INSTRUCTIONS TO FOLLOW - Your reply should set down word for word each line below from the one with "除了高品质的公寓房间,菁舍的" through the final line, both included, but none of the pictures.

EXERCISE MATERIAL -

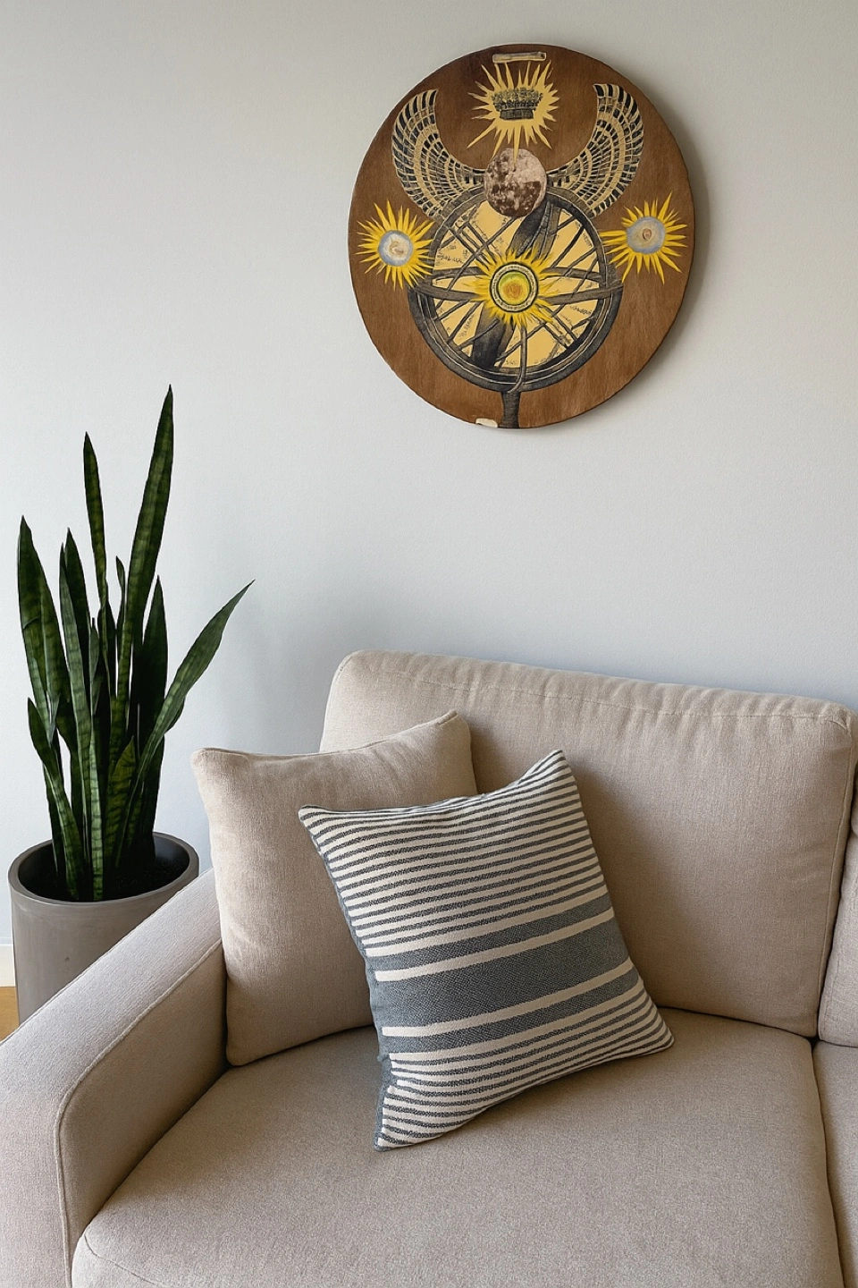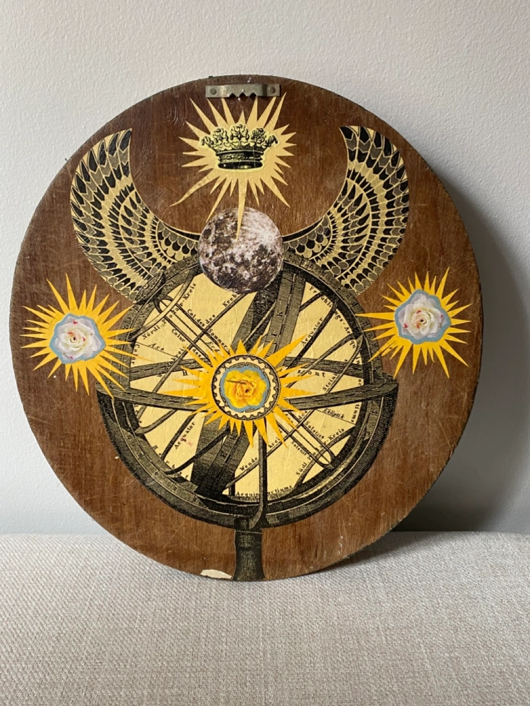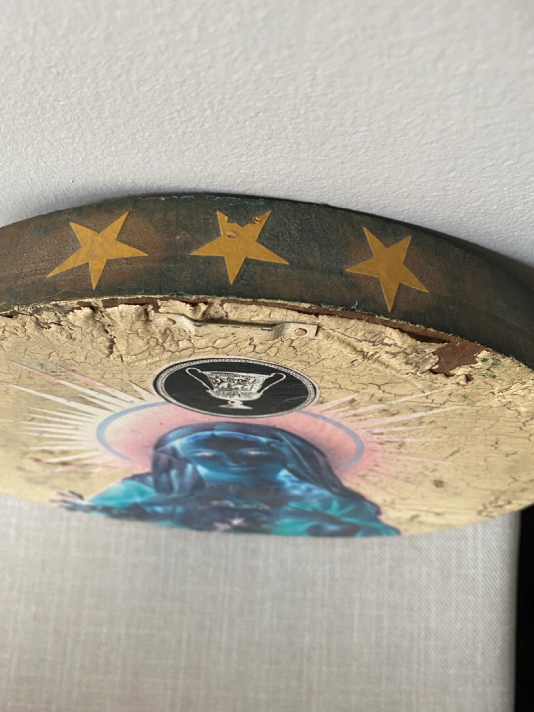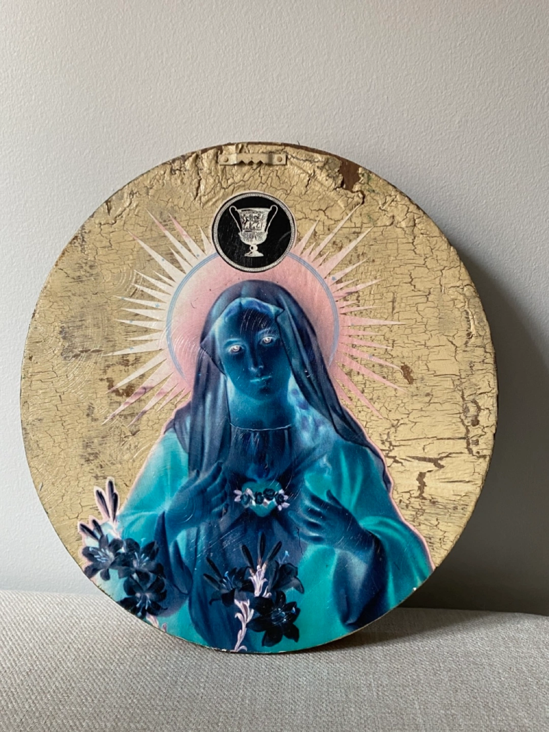 Round solid heavy wood piece with reversible sides. I had the Mary side hanging over my bar area… Collage images + lacquered coating on top. Hooks to hang on either side. About 10” diameter
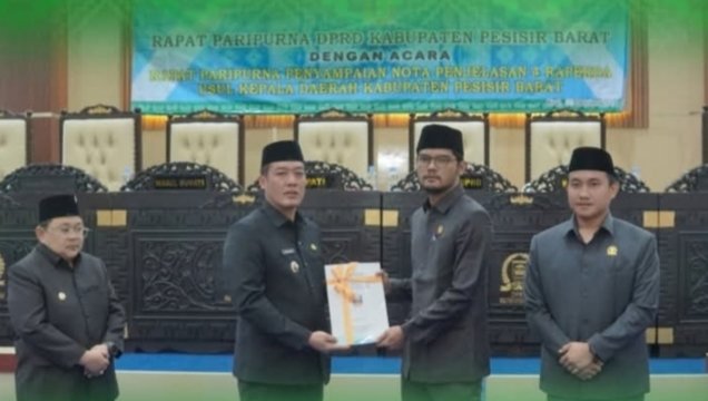 ‎Dalam penyampaiannya Bupati, Dedi Irawan menguraikan empat Ranperda usul kepala daerah, diantaranya yakni ranperda tentang pembentukan dan susunan perangkat daerah Pesibar, ranperda tentang tata cara penyelenggaraan cadangan pangan daerah, ranperda tentang penyerahan prasarana, sarana dan utilitas umum perumahan, dan ranperda tentang penyelenggaraan kearsipan.
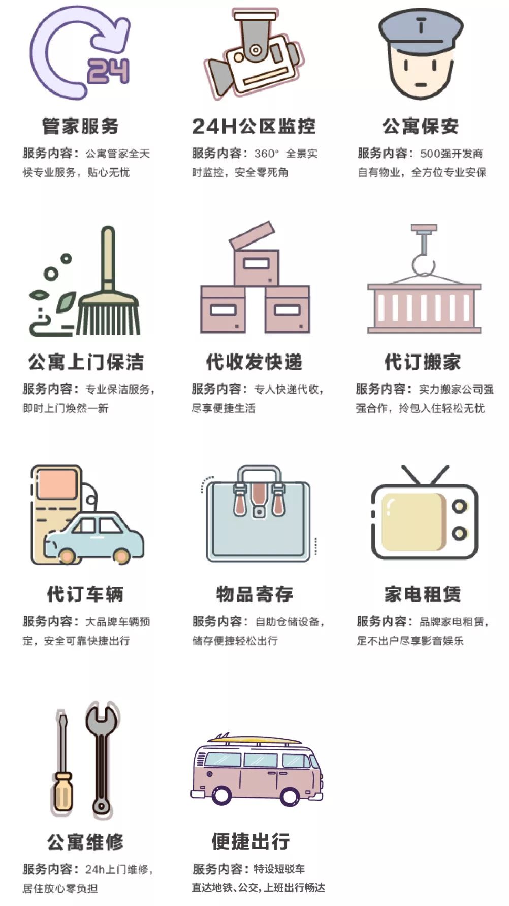 除了高品质的公寓房间,菁舍的增值服务也非常贴心。专属管家服务、24小时保安巡逻与监控配备,让你的安全有保障;上门保洁、公寓维修、特设短驳车,直达地铁公交,还有定期特色主题活动,丰富潮趣!
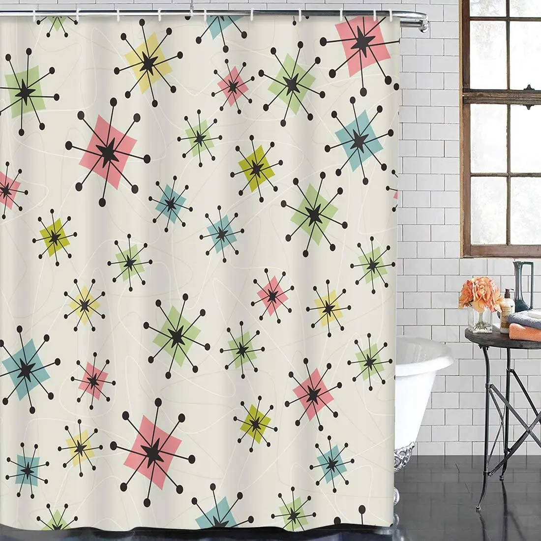 Занавеска для душа EDOMGNIH, винтажная занавеска для душа с узором в виде атомных звезд, в стиле ретро, средней центрии, набор из водонепроницаемой полиэфирной ткани с крючком
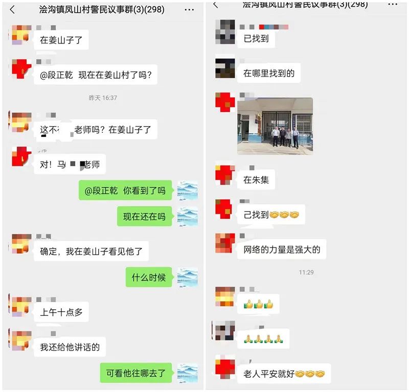 9月24日下午,浍沟镇凤山村马某报警,称其父(退休教师)时常健忘,于当日早上走失,家人四处寻找未果,请求派出所帮忙查找。接警后,浍沟派出所民警立即开展寻找工作,并将老人走失信息发布在浍沟镇凤山村“警民议事群”,看到信息的村民很快认出走失老人是村里的老教师马老师,于是纷纷转发。

RESPONSE AREA -
 除了高品质的公寓房间,菁舍的增值服务也非常贴心。专属管家服务、24小时保安巡逻与监控配备,让你的安全有保障;上门保洁、公寓维修、特设短驳车,直达地铁公交,还有定期特色主题活动,丰富潮趣!
 Занавеска для душа EDOMGNIH, винтажная занавеска для душа с узором в виде атомных звезд, в стиле ретро, средней центрии, набор из водонепроницаемой полиэфирной ткани с крючком
 9月24日下午,浍沟镇凤山村马某报警,称其父(退休教师)时常健忘,于当日早上走失,家人四处寻找未果,请求派出所帮忙查找。接警后,浍沟派出所民警立即开展寻找工作,并将老人走失信息发布在浍沟镇凤山村“警民议事群”,看到信息的村民很快认出走失老人是村里的老教师马老师,于是纷纷转发。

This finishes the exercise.